Malgré les circonstances, de nombreux et nombreuses Haïtiens et Haïtiennes continuent à travailler sans relâche pour une Haïti juste, humaniste et prospère.

 

Tandis que je m’affale sur mon lit, les pensées se bousculent dans ma tête. Il est hors de question d’être défaitiste. Malgré les circonstances, de nombreux et nombreuses Haïtiens et Haïtiennes continuent à travailler sans relâche pour une Haïti juste, humaniste et prospère. Mon engagement ne s’arrête donc pas ici.  Je vais continuer mon mandat de coopération volontaire à partir du Canada, le temps que l’épidémie se calme. J’appuierai ainsi l’équipe d’ASFC et l’Office de la protection du Citoyen (OPC) à distance. Je me dédierai toujours à la cause, travaillant pour que les personnes en situation de vulnérabilité puissent avoir accès à la justice. Face à l’adversité, nous devons redoubler d’efforts. Plus que jamais, les droits humains méritent notre dévouement. Ce n’est définitivement pas le temps de fermer les yeux. Du moins, métaphoriquement. Je le dois à ceux et celles qui m’ont accueilli comme un frère. Je le dois à mes merveilleux et merveilleuses collègues. Avant de trouver le sommeil, je murmure tranquillement à Haïti. Je lui dis tout, sauf une chose : à Dieu. Il n’y a qu’une seule manière de quitter ce pays, et c’est en disant « Je reviendrai ma Ayiti cheri ».

 

Clarifications

 

1. J’ai réalisé de septembre 2018 à décembre 2019 un mandat de coopération volontaire en Côte d’Ivoire au sein du projet Protection des droits des enfants, des femmes et autres collectivités vulnérables (PRODEF), mis en oeuvre par ASFC en consortium avec le Bureau international des droits des enfants (IBCR), avec le soutien financier d’Affaires mondiales Canada.

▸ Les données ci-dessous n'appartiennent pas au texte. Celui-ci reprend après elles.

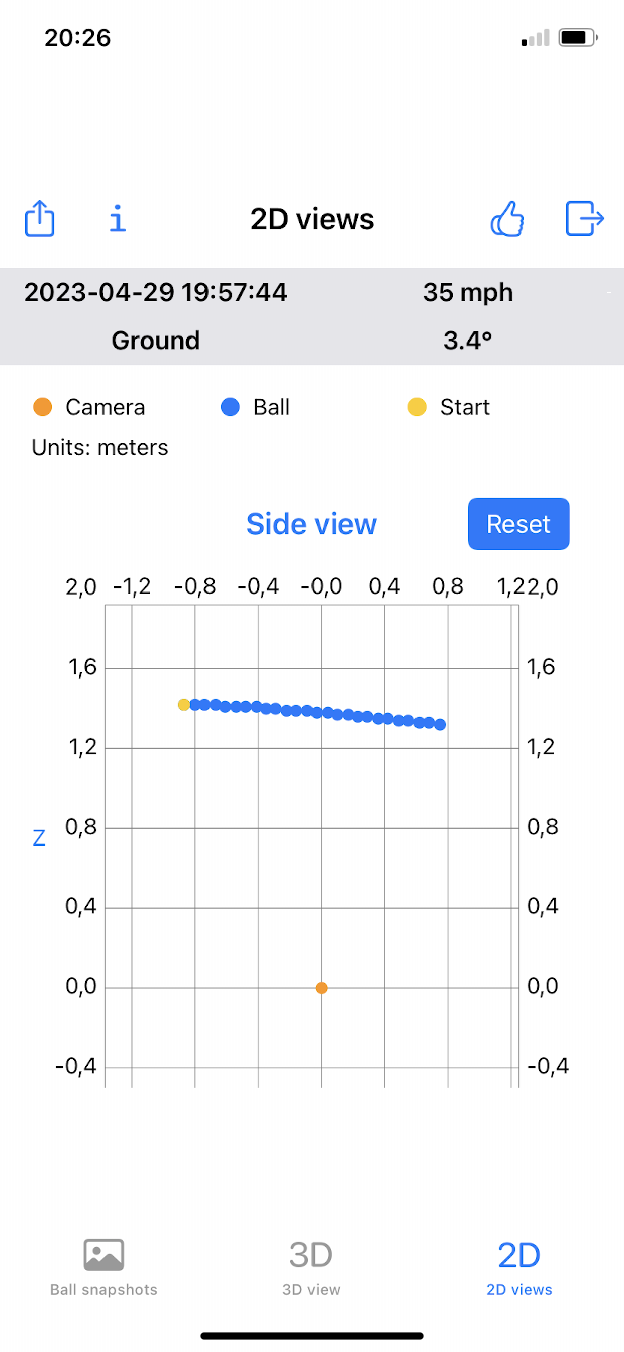 - 3D and 2D views of the ball trajectory

2. Le kompa est un style de musique originaire d’Haïti.

3. La Prestige est une bière locale brassée par la Brasserie Nationale d’Haïti.

 

Sur l’auteur 

William Fortin est conseiller juridique volontaire au sein du projet Accès à la justice et lutte contre l’impunité en Haïti mis en œuvre grâce l’appui financier d’Affaires mondiales Canada.